Он зашел в аптеку через дорогу от заправочной станции и выпил молочного коктейля, не чувствуя вкуса. Вошла толпа студентов и заполнила все места у прилавка с газировкой. Рядом присела высокая девушка лет двадцати с небольшим. Она ослабила узел шарфа и откинула назад воротник кожаной куртки. Он наблюдал за нею в зеркале по ту сторону прилавка: розовые щеки зарделись, живые от холодного ночного воздуха, серые глаза – огромные, возбуждение из них так и хлещет через край. Она заметила, как он на нее таращится в зеркале, повернулась и улыбнулась ему – зубы ровные и сверкают.
– Приветик! – сказала она, улыбаясь, как обычно улыбаются младшим. Он ответил:
– Привет, – а она ничего больше ему не сказала и увлеклась разговором со студентом рядом – мрачным парнем с серебряной с золотом буквой С на груди. В девушке были такая сила и такое сияние, что он поневоле забыл о своем горе. Сквозь эфирный запах лекарств и патентованных притираний пробивался сиреневый аромат духов. Он смотрел на длинные узкие руки и свежую полноту ее губ, пока она отпивала колу из стакана, ее розовое горло пульсировало, пропуская жидкость внутрь. Он заплатил за коктейль и поднялся с табурета. Девушка повернулась проводить его взглядом – ее восхитительная улыбка словно попрощалась с ним. И не более того, но когда он остановился на улице у дверей аптеки, то вдруг поверил, что Роза Пинелли не умерла, что сообщение ложно, что она жива, и дышит, и смеется, как та студентка в лавке, как все девушки на свете.

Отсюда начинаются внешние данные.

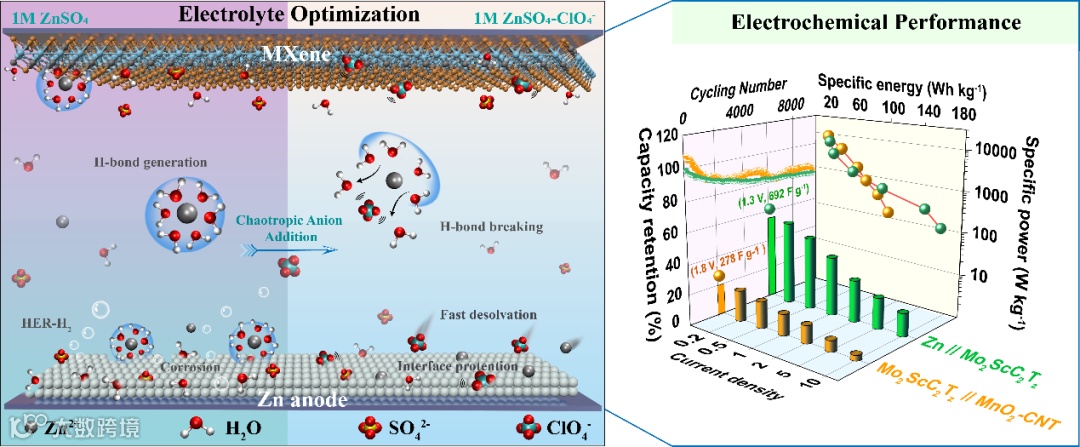 电解质工程设计优化,引入离液阴离子调控稳定水系电解质,赋能MXene高效储锌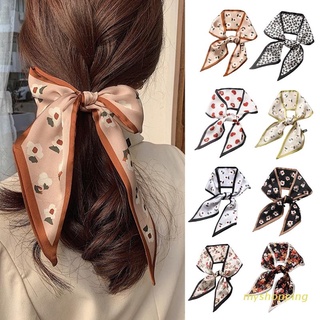 Khăn choàng cổ dài bằng lụa họa tiết hoa phong cách Hàn Quốc cổ điển cho nữ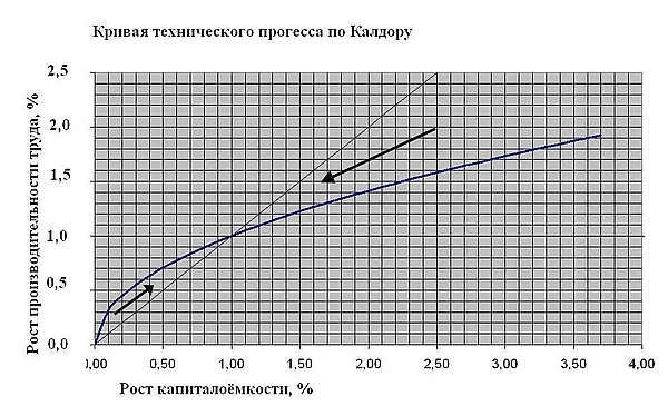 Последнее, правда можно было бы рассматривать как некое произвольное допущение. Но если верно то, что возрастание ТСК приводит к ещё большему увеличению производительности труда, то для предприятий не существует никаких границ. Можно ставить вопрос только о внешних ограничителях, например то, что в соответствии с какими-то техническими причинами ТСК не может произвольно быстро расти. Когда Николас Калдор (см. выше кривую технического прогресса по Калдору) постулирует постепенно ослабевающее действие высокого прироста ТСК, то это действительно можно рассматривать как произвольное допущение, необходимое для того, чтобы представить стабильный экономический рост. Поэтому буржуазные экономисты и исходят из допущения «хорошего поведения» кривой технического прогресса ввиду желательности соответствия их теорий устойчивому равновесному развитию.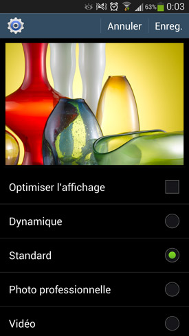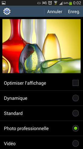 Côté rendu, la technologie Amoled a toujours été plébiscitée par le grand public. Toutefois, les puristes et autres professionnels de l'image lui ont toujours préféré le LCD de l'iPhone 5. La principale différence entre les deux tient au respect des couleurs. Ces dernières sont généralement saturées sur les Amoled, afin de flatter la rétine, quitte à ce que cela mène parfois à des aberrations colorimétriques. Toutefois, Samsung n'a eu de cesse de corriger ce défaut. Le constructeur a proposé dès le Galaxy S2 différents modes colorimétriques pour ajuster le rendu aux goûts de chacun. Sur le Galaxy S4, le coréen continue de creuser ce sillon. On retrouve un mode automatique pour optimiser l'affichage, et quatre autres modes « figés ». Parmi eux, un petit nouveau a fait son apparition, le mode « photo professionnelle ». Concrètement, il promet de procurer une image plus naturelle encore que le très bon mode vidéo du Galaxy S3. Dans les faits, nous n'avons pas vraiment réussi à établir de différence notable entre les deux, à l'exception du rouge un peu plus saturé en « photo professionnelle ». Ce qui ne signifie pas qu'ils sont de la poudre aux yeux, loin s'en faut. C'est plutôt que ces deux modes arrivent au même résultat, à savoir de donner à ce Galaxy S4 un rendu qui rivalise clairement avec celui des LCD pour ce qui est de la justesse des couleurs. Un véritable tour de force de la part de Samsung ! Pour ceux d'entre vous qui préfèrent les couleurs saturées à s'en arracher la rétine, habituellement caractéristiques de l?Amoled, il suffit de régler l'affichage sur les modes « Standard », « Dynamique » ou simplement de le laisser en automatique.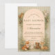 A heart-melting woodland design featuring a sweet gathering of forest friends beneath a soft storybook canopy. Fox, fawn, bear, raccoon, and bunny sit together in a warm autumn meadow framed by gentle trees and vintage parchment tones. The earthy palette and delicate botanical details create a cozy, nostalgic feel—perfect for a nature-inspired celebration. Fully customizable to make it uniquely yours.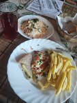 Место для парковки буквально на несколько машин. Туалет чистый. Меню неплохое, набор привычных блюд. Сразу поразил размер порций: салата много, майонеза немного перебор. Второе тоже полная тарелка, тоже многовато сверху сыра и майонеза. Сытно. Соответственно цены не самые низкие.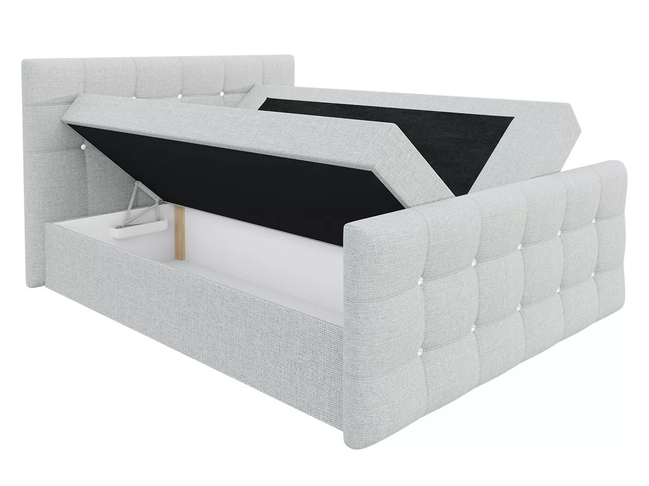 Americká manželská postel TORNIO o spací ploše 140x200 se vyznačuje vysokým prošívaným čelem, které je nejen dekorativním prvkem, ale zároveň i praktickou ochranou stěny. Další výhodou postele je dvoukomorový úložný prostor. Vestavěná pružinová matrace zodpovídá za správnou podporu páteře během spánku, přičemž vrchní pěnový topper zvyšuje pocit pohodlí.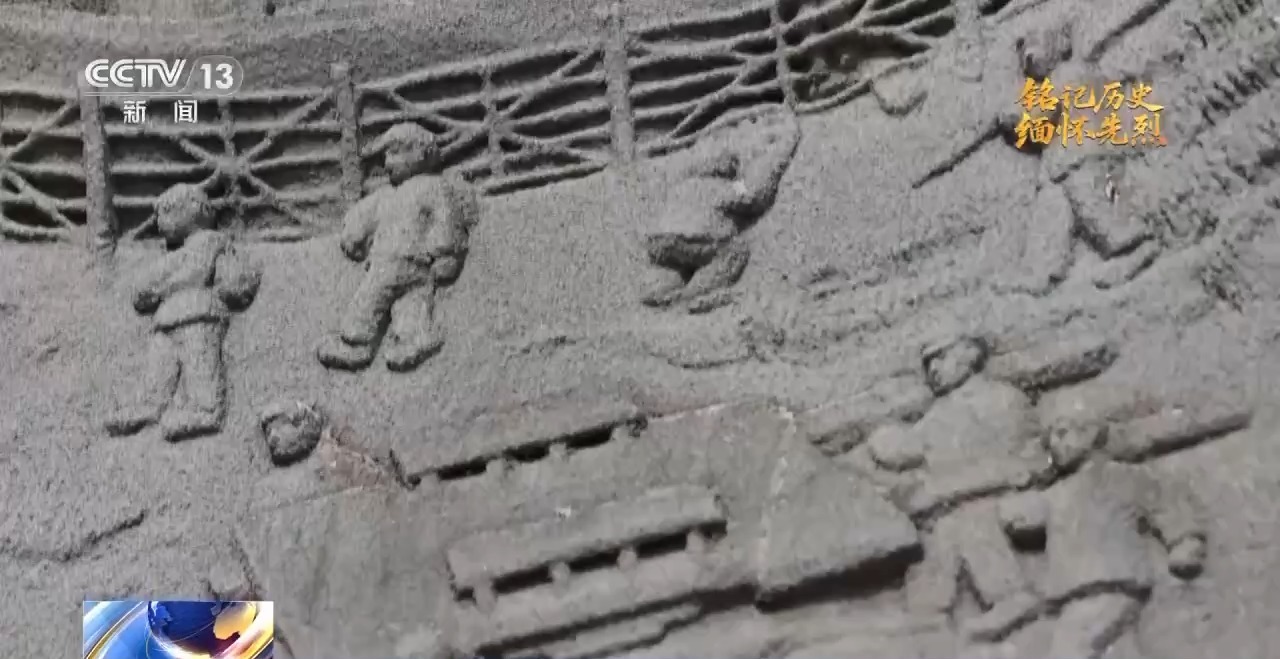 总台记者 任秋宇:北靠山村曾是东北抗联第六军的重要后勤补给地和兵员来源地,这有个石雕画反映出抗日战争时期军民鱼水情深的故事,这个故事叫“抬车送粮”,就发生在北靠山村。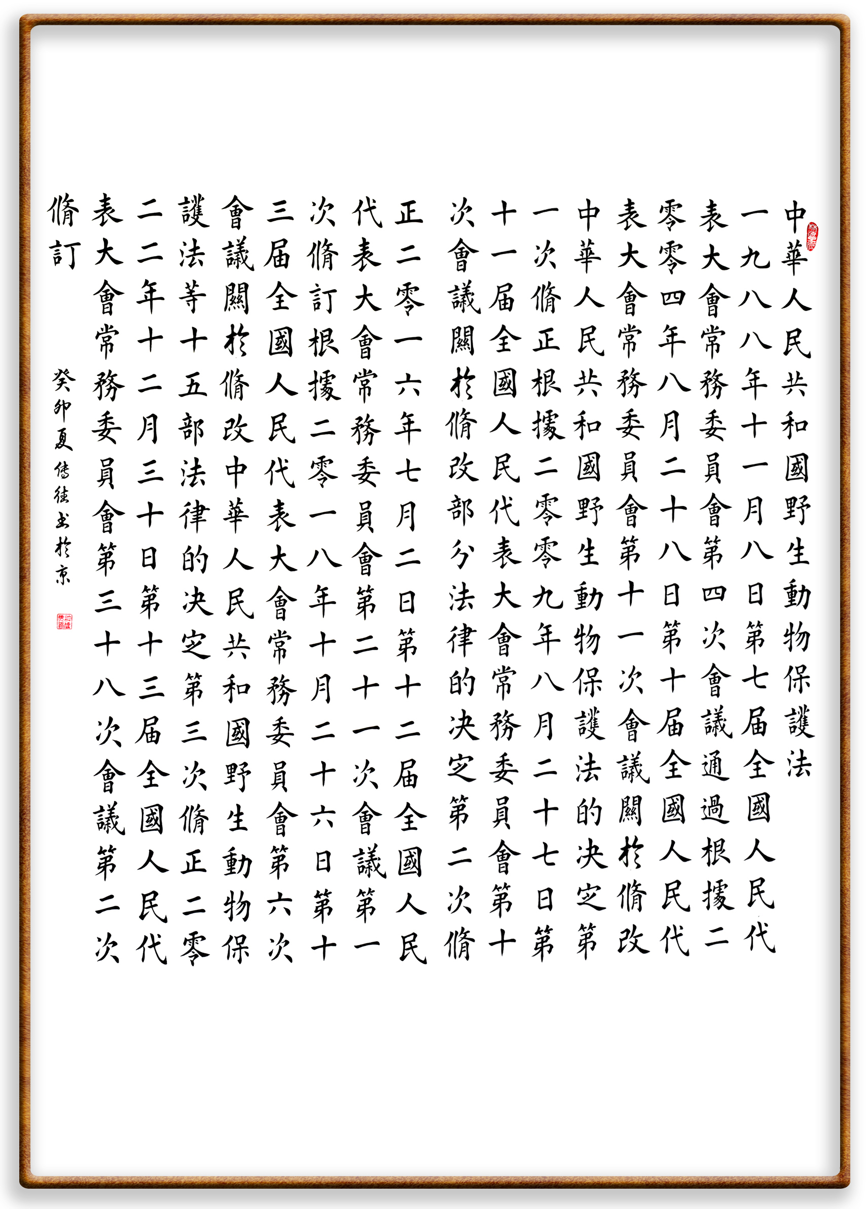 野生動物保護(hù)法修訂歷程 (1988年11月8日第七屆全國人民代表大會常務(wù)委員會第四次會議通過 根據(jù)2004年8月28日第十屆全國人民代表大會常務(wù)委員會第十一次會議《關(guān)于修改〈中華人民共和國野生動物保護(hù)法〉的決定》第一次修正 根據(jù)2009年8月27日第十一屆全國人民代表大會常務(wù)委員會第十次會議《關(guān)于修改部分法律的決定》第二次修正 2016年7月2日第十二屆全國人民代表大會常務(wù)委員會第二十一次會議第一次修訂 根據(jù)2018年10月26日第十三屆全國人民代表大會常務(wù)委員會第六次會議《關(guān)于修改〈中華人民共和國野生動物保護(hù)法〉等十五部法律的決定》第三次修正 2022年12月30日第十三屆全國人民代表大會常務(wù)委員會第三十八次會議第二次修訂)
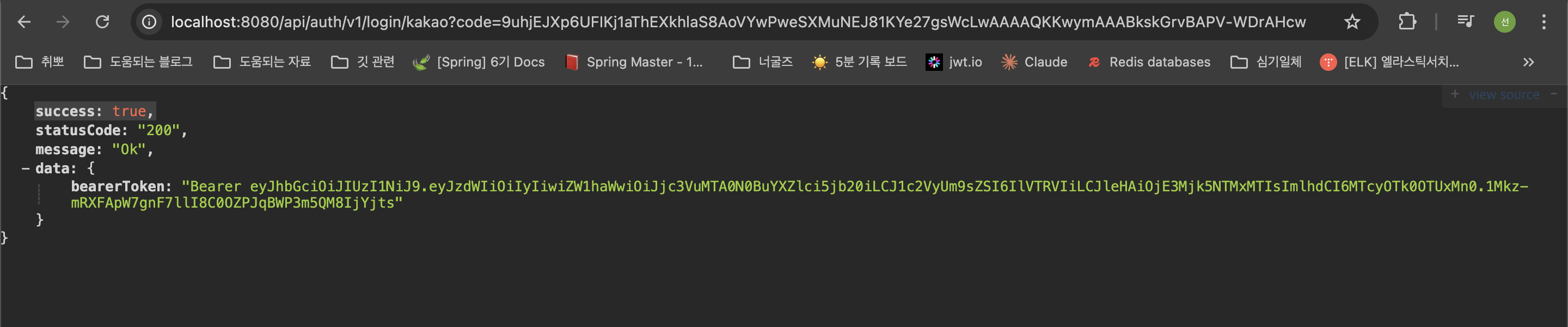 그렇게 로그인을 하게 되면 바로 해당 페이지에 jwt Token이 표시되게 구현했다.(이래도 되나 싶었지만 우리는 프론트가 없으니 우선..)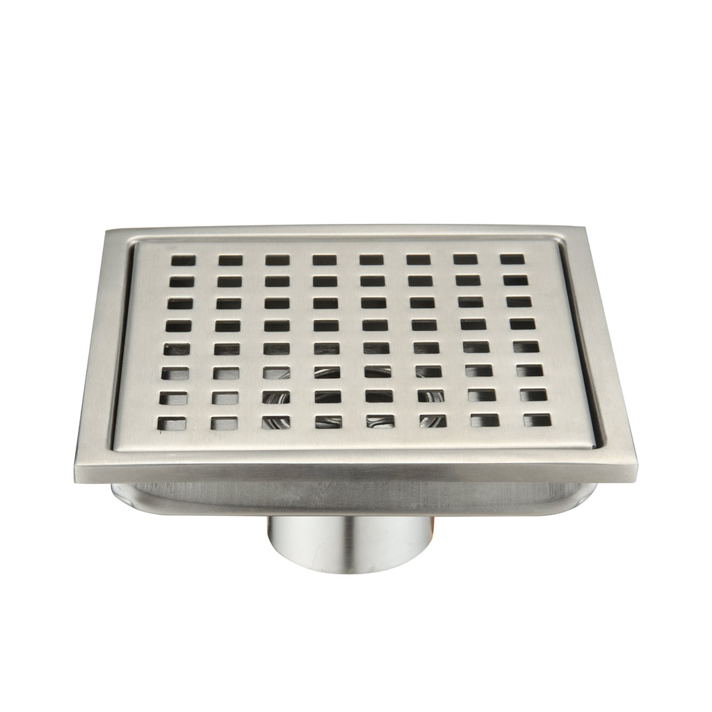 【square Shower floor drain Design】The square drain cover with grid design to enhance water flowing. Embedded design offer a invisible and seamless look on your floor. Heavy duty steel cover offer a good sealing ability.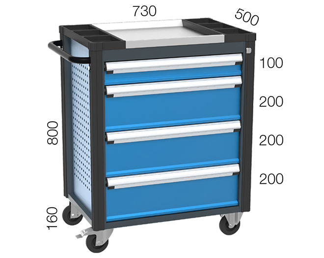 4 çekmeceli takım arabası Ölçüleri: 730 x 500 x 960 mm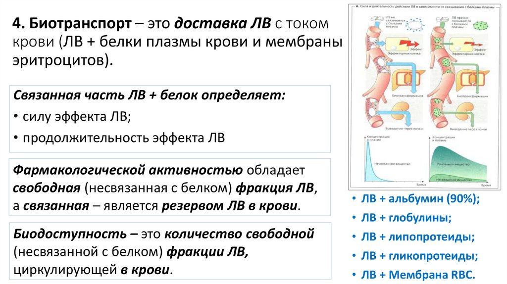 Биотранспорт (связь ЛВ с Rp/RBC крови);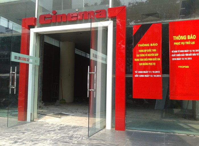 | Biển thông báo trước cửa trung tâm chiếu phim quốc gia. |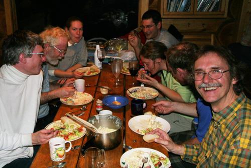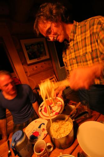 | By Saturday PM, John/Al/Amy have arrived. John dishes up the linguini as we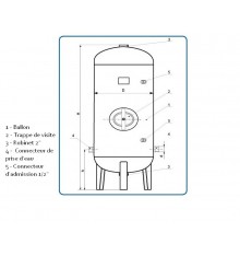 Serbatoio orizzontale zincato per acqua 150L 6 bar con accessori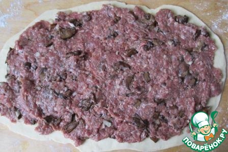 Половину начинки выкладываем на лист теста и равномерно распределяем.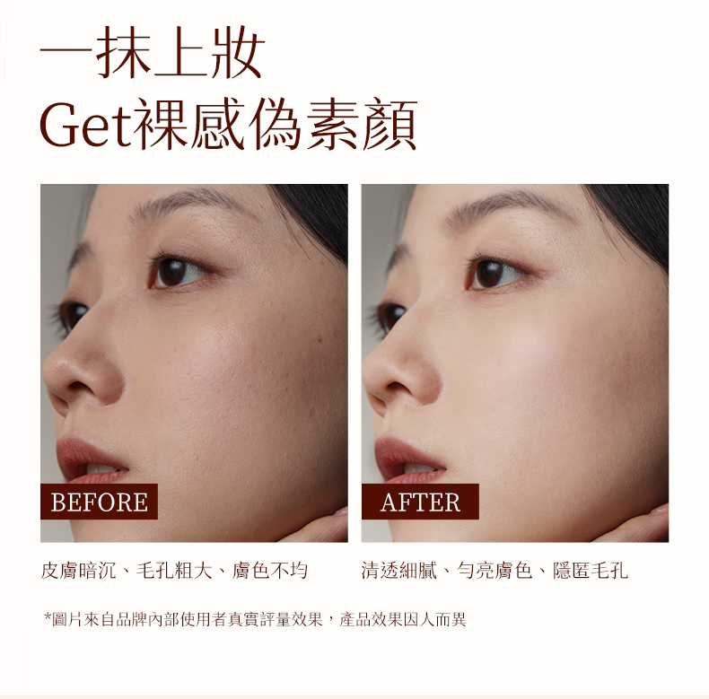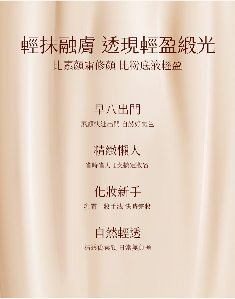 本品具有自然提亮的效果,上臉後能與膚色自然融合,不挑膚色不假白,打造偽素顏裸感妝容。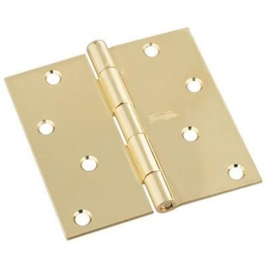 Square corner residential door hinge (National Model SPB512) for use on interior residential doors. Square corner. Removable pin for quick and easy installation. Screws included. Steel material.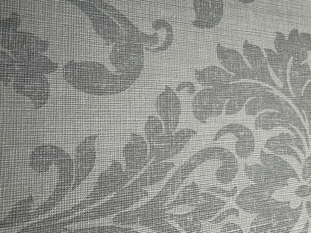 Vliesová tapeta s vinylovým povrchem, jemná látková textura, ornamentální zámecký vzor, odstíny šedé.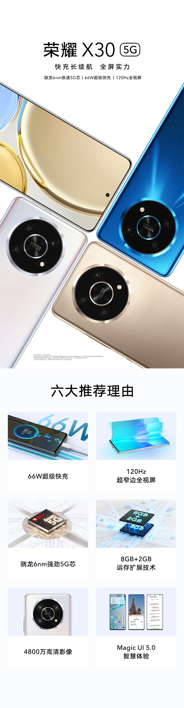 商品名称:荣耀X30 骁龙6nm疾速5G芯 66W超级快充 120Hz全视屏 全网通版 8GB+128GB 钛空银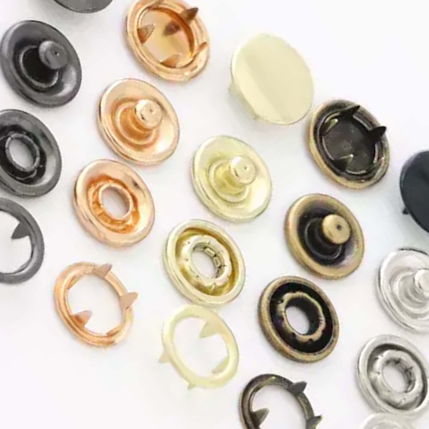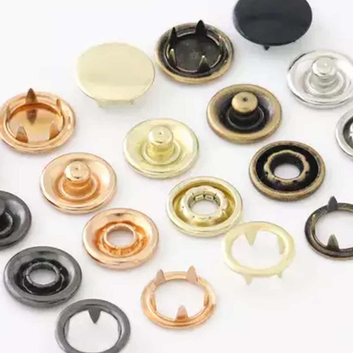 Metal Prong Ring Snaps with Button Cover 4-Part Set Durable Fabric Fasteners

Пять минут спустя, стоя под фонарем перед затемненным Розиным домом, он в ужасе и отчаянии смотрел неотрывно на белую отвратительную вещь, что поблескивала в ночи: длинные шелковые ленты шевелились под ласками холодного ветра; отметка смерти, погребальный венок. Рот его вдруг наполнился слюной, похожей на прах. Он повернулся и пошел по улице. Деревья, деревья вздыхают! Он ускорил шаги. Ветер, холодный и одинокий ветер! Он побежал. Мертвые, ужасные мертвецы! Они нагоняли его, громыхая над ним в ночном небе, взывая к нему и стеная, рокотали и громыхали, стараясь его схватить. Как безумный мчался он, и улицы визжали отзвуками его топота, а в спине разбухал призрачный холодный ком. Он срезал путь по мосту. Упал, споткнувшись о шпалу, руками пропахав промерзший откос. Но бежал снова, еще не успев вскочить на ноги, и споткнулся, и упал, и снова поднялся, и опять помчался дальше. Добежав до своей улицы, он перешел на рысь и только в нескольких ярдах от дома пошел медленно и легко, смахивая грязь с одежды.
Дом.
Вот он перед ним, в переднем окне горит свет. Дом, где ничего никогда не происходит, где тепло и нет смерти.